Information supplied =>
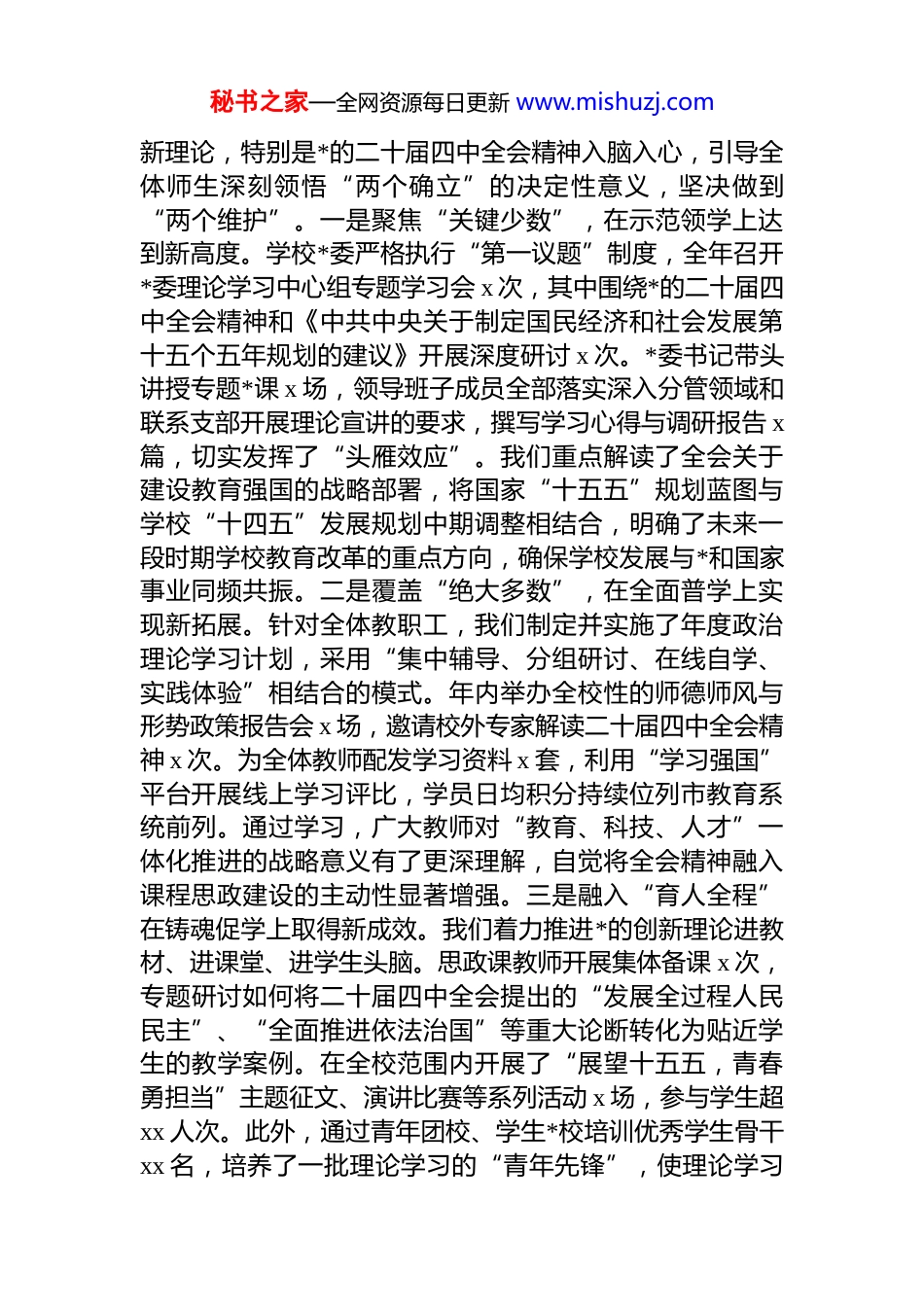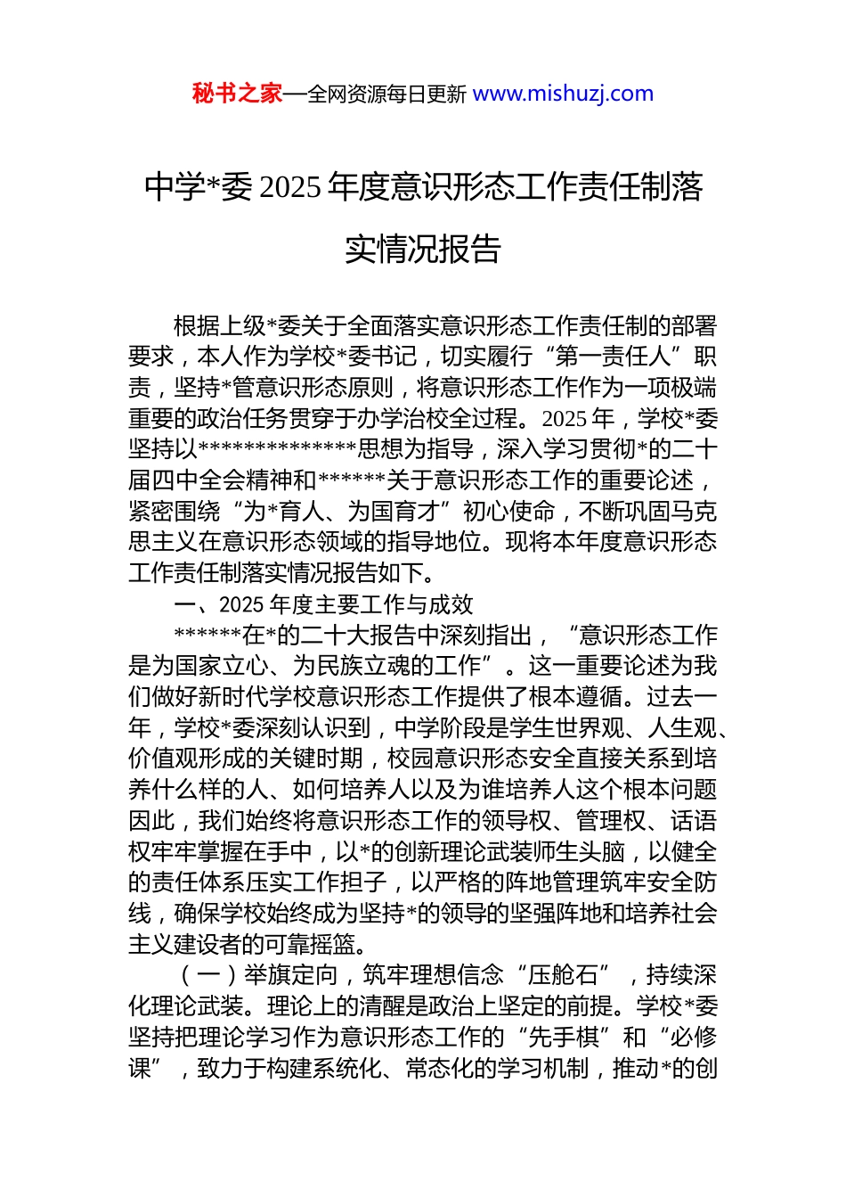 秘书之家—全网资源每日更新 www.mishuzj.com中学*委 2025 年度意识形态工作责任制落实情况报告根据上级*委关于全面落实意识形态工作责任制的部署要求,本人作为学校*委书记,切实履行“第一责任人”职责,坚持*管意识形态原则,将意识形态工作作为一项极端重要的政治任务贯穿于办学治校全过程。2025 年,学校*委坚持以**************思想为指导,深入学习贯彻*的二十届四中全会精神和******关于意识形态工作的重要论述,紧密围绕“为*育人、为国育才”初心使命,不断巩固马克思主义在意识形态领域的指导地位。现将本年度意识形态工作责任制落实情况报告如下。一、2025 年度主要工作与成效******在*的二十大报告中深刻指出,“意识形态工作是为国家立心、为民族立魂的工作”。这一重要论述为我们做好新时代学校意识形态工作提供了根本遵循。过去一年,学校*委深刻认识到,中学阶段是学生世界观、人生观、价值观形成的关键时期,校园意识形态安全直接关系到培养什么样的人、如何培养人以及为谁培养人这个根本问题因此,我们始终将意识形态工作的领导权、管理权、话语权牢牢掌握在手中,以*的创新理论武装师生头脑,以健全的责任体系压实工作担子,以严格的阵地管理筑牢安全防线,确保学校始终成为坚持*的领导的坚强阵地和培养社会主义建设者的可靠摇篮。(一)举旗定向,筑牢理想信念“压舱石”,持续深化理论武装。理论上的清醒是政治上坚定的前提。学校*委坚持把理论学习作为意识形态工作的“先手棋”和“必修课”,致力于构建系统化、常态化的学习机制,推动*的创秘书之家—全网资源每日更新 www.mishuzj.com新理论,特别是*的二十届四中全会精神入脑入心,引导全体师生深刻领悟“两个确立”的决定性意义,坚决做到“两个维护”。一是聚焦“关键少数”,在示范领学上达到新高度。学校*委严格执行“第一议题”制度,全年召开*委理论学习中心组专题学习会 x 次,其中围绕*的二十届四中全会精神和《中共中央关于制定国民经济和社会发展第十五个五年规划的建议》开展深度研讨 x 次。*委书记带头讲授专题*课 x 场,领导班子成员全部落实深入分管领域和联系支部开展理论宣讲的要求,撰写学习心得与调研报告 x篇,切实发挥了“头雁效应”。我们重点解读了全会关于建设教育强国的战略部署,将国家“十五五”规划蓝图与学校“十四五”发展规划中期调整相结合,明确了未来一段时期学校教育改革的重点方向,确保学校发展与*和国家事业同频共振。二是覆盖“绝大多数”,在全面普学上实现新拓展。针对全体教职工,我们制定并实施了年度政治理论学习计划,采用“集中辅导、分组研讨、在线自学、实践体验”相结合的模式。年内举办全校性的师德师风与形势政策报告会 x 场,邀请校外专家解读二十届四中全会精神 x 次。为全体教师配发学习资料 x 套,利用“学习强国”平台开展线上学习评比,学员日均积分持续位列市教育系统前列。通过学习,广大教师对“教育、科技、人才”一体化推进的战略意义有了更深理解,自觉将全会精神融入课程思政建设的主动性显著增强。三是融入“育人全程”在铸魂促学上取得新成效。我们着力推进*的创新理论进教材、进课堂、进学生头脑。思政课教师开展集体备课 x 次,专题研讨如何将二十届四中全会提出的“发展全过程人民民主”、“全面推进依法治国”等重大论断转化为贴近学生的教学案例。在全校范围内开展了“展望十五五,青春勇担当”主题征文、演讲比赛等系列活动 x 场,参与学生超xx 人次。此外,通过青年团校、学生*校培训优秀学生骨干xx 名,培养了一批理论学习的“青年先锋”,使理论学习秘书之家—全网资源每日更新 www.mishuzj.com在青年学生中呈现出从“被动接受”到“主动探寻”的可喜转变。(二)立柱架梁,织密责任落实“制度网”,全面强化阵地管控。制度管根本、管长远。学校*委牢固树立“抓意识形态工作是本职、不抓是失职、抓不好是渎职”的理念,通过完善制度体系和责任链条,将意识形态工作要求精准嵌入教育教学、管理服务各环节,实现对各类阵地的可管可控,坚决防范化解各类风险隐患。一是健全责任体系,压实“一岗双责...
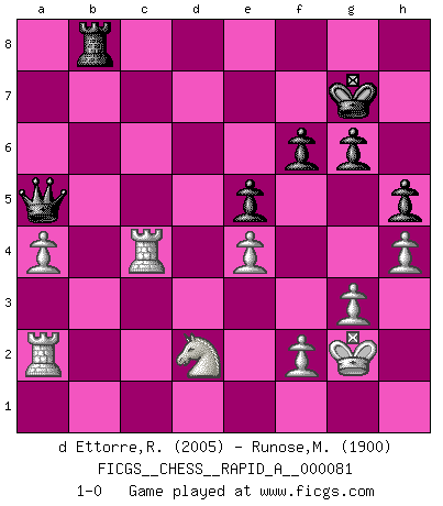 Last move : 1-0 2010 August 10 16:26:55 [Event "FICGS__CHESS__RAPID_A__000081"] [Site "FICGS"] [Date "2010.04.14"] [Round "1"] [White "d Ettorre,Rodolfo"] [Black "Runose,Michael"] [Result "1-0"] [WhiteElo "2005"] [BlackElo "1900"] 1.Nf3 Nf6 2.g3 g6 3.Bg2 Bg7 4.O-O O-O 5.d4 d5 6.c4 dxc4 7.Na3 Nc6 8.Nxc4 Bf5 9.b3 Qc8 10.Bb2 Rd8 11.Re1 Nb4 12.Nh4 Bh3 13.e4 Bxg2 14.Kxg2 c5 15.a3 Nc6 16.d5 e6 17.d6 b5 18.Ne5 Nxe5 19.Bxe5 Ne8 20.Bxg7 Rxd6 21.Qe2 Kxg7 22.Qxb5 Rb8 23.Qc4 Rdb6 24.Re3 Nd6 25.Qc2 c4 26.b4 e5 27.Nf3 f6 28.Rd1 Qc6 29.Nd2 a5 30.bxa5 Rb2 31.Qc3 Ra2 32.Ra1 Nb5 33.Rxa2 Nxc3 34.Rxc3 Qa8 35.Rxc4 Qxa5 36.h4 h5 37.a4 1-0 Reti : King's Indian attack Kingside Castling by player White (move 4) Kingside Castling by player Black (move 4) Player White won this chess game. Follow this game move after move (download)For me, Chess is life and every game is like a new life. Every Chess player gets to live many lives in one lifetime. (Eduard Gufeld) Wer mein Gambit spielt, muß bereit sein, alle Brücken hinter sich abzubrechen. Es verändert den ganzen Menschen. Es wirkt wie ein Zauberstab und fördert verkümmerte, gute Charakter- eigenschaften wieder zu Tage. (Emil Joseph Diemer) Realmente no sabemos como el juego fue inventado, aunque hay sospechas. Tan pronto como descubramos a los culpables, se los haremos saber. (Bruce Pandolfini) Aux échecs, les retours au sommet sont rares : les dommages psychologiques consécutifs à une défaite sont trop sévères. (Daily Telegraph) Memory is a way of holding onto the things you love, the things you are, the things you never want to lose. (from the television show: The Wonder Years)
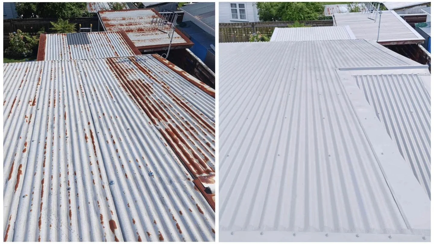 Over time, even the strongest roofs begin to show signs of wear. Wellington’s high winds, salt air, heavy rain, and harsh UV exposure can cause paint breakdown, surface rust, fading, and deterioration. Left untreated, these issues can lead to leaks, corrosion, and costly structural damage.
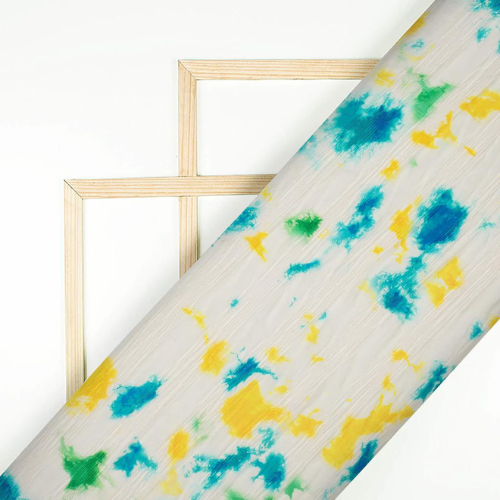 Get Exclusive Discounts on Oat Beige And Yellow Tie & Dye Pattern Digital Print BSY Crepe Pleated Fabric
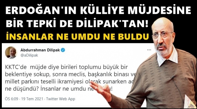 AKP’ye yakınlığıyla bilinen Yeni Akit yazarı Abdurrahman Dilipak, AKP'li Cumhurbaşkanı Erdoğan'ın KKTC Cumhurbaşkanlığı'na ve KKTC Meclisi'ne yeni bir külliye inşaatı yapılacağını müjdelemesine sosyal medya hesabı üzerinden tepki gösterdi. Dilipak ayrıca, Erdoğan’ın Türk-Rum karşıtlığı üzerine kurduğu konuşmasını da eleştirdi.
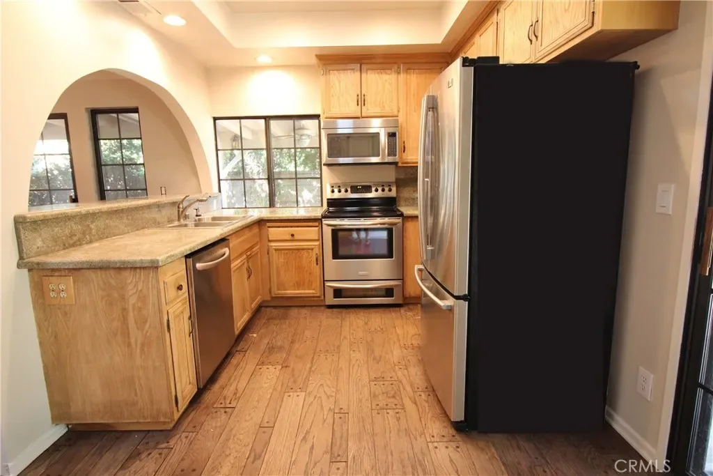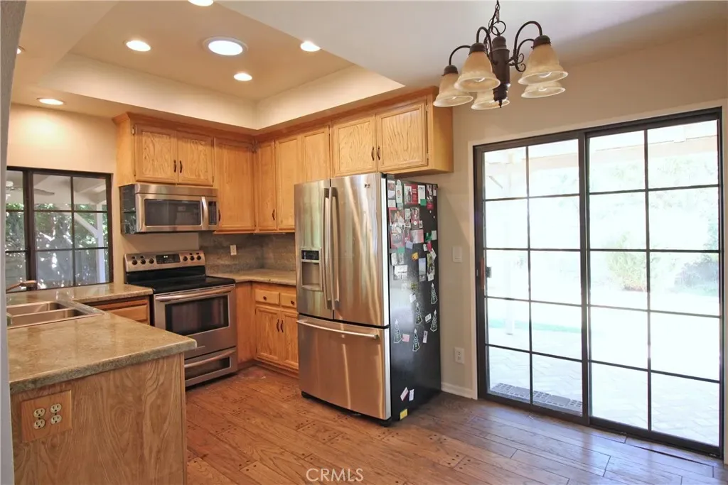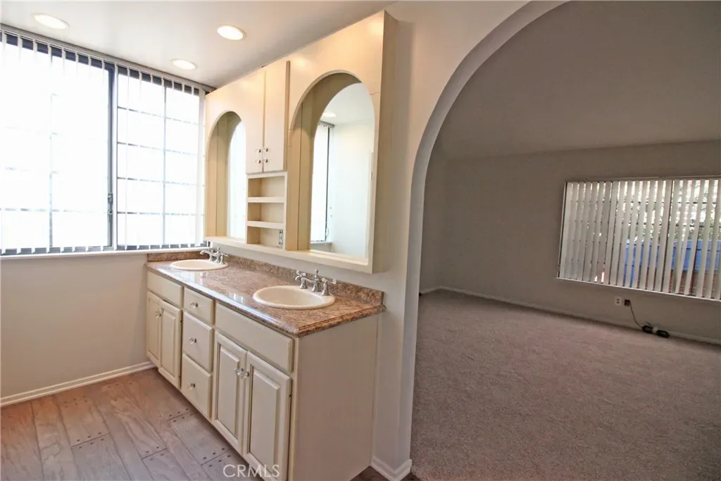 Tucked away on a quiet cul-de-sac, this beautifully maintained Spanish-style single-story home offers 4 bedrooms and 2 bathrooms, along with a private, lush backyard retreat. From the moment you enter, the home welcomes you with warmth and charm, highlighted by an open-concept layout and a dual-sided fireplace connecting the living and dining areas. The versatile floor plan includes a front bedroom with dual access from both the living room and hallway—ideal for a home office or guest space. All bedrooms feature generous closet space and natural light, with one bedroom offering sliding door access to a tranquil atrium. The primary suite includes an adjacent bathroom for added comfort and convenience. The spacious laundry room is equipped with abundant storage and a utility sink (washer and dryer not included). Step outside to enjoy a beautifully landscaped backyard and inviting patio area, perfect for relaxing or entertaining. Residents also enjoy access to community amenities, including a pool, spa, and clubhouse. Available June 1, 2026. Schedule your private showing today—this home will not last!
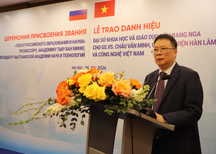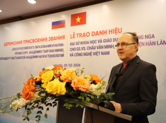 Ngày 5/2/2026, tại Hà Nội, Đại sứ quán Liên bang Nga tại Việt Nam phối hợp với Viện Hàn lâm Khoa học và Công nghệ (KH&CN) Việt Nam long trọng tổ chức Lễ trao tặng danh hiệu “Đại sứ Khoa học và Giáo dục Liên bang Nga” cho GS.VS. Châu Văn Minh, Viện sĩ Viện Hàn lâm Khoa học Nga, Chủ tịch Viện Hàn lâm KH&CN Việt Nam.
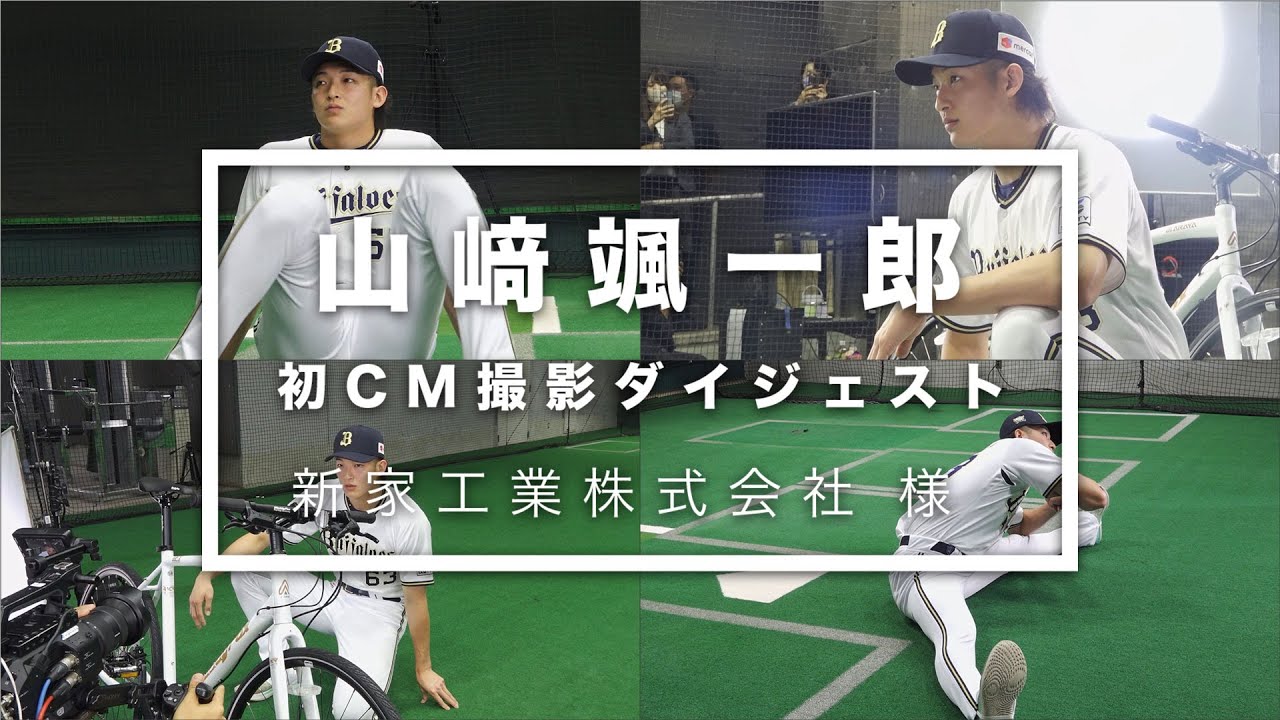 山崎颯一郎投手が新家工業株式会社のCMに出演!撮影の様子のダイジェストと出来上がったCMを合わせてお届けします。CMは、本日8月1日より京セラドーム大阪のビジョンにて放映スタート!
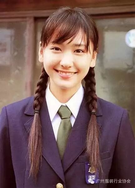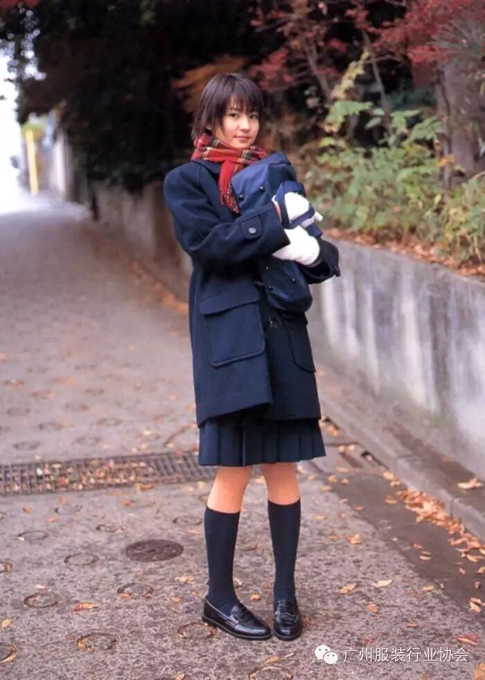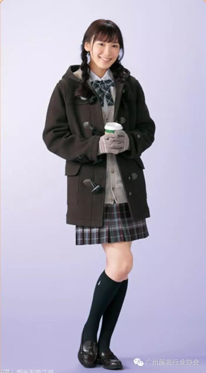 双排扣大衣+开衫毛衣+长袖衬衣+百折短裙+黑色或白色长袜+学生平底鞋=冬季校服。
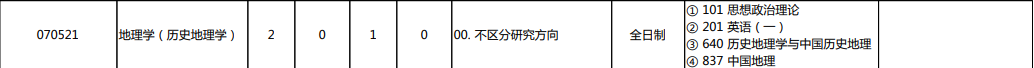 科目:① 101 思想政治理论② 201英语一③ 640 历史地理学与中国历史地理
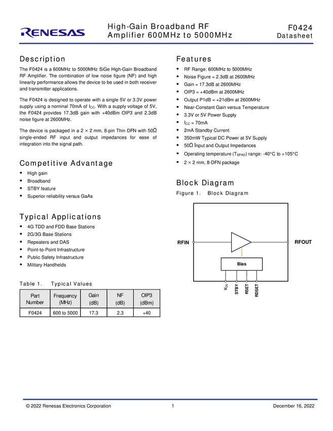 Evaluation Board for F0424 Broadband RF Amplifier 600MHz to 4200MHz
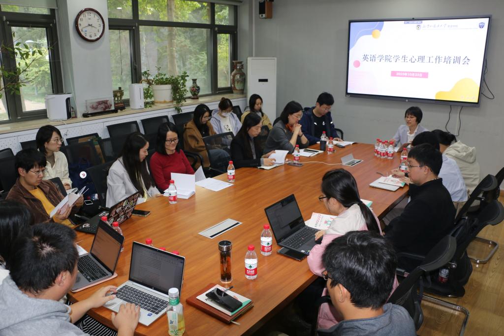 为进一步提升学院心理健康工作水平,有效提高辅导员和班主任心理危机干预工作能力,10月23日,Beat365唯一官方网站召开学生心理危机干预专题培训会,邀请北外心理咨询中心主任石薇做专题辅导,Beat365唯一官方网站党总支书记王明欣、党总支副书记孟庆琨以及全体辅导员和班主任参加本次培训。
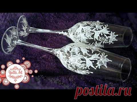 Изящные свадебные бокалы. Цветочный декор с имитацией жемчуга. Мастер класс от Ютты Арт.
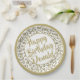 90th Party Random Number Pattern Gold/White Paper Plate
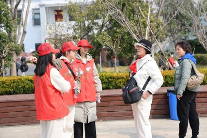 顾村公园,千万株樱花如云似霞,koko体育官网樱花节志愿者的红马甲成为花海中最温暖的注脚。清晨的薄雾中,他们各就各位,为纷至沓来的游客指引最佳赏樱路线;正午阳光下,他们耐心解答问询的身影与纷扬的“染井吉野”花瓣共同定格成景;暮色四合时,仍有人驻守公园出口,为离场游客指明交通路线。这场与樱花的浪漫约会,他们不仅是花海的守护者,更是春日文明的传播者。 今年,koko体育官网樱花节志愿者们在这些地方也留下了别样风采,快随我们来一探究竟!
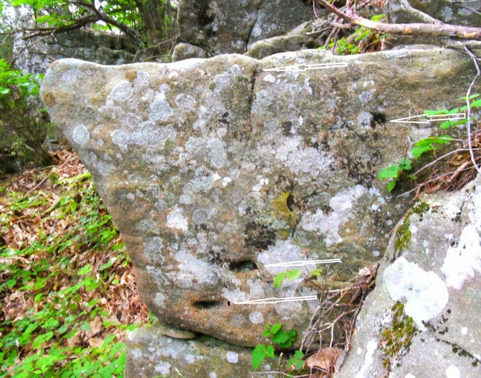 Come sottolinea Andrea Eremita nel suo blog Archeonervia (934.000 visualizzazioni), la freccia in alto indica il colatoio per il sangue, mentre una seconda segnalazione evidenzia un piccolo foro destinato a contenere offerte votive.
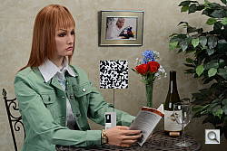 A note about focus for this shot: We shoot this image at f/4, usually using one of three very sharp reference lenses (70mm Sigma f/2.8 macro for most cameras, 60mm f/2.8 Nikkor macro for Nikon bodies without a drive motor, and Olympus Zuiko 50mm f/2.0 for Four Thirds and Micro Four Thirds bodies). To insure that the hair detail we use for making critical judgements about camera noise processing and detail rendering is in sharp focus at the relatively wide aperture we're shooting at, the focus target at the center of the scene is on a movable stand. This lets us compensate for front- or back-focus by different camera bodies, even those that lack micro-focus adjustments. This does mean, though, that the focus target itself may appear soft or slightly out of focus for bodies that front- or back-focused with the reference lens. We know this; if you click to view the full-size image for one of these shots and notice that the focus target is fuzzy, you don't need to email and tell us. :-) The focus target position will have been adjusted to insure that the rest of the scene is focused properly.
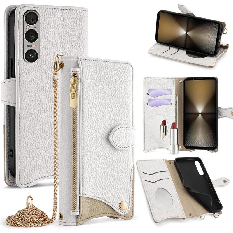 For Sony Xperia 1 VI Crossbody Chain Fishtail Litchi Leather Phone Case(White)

To do =>
Look above for the line with "Evaluation Board for" and the line with "Come sottolinea Andrea", then copy them and all lines in between exactly as written, and only those, without any pictures.

Finished task =>
 Evaluation Board for F0424 Broadband RF Amplifier 600MHz to 4200MHz
 为进一步提升学院心理健康工作水平,有效提高辅导员和班主任心理危机干预工作能力,10月23日,Beat365唯一官方网站召开学生心理危机干预专题培训会,邀请北外心理咨询中心主任石薇做专题辅导,Beat365唯一官方网站党总支书记王明欣、党总支副书记孟庆琨以及全体辅导员和班主任参加本次培训。
 Изящные свадебные бокалы. Цветочный декор с имитацией жемчуга. Мастер класс от Ютты Арт.
 90th Party Random Number Pattern Gold/White Paper Plate
 顾村公园,千万株樱花如云似霞,koko体育官网樱花节志愿者的红马甲成为花海中最温暖的注脚。清晨的薄雾中,他们各就各位,为纷至沓来的游客指引最佳赏樱路线;正午阳光下,他们耐心解答问询的身影与纷扬的“染井吉野”花瓣共同定格成景;暮色四合时,仍有人驻守公园出口,为离场游客指明交通路线。这场与樱花的浪漫约会,他们不仅是花海的守护者,更是春日文明的传播者。 今年,koko体育官网樱花节志愿者们在这些地方也留下了别样风采,快随我们来一探究竟!
 Come sottolinea Andrea Eremita nel suo blog Archeonervia (934.000 visualizzazioni), la freccia in alto indica il colatoio per il sangue, mentre una seconda segnalazione evidenzia un piccolo foro destinato a contenere offerte votive.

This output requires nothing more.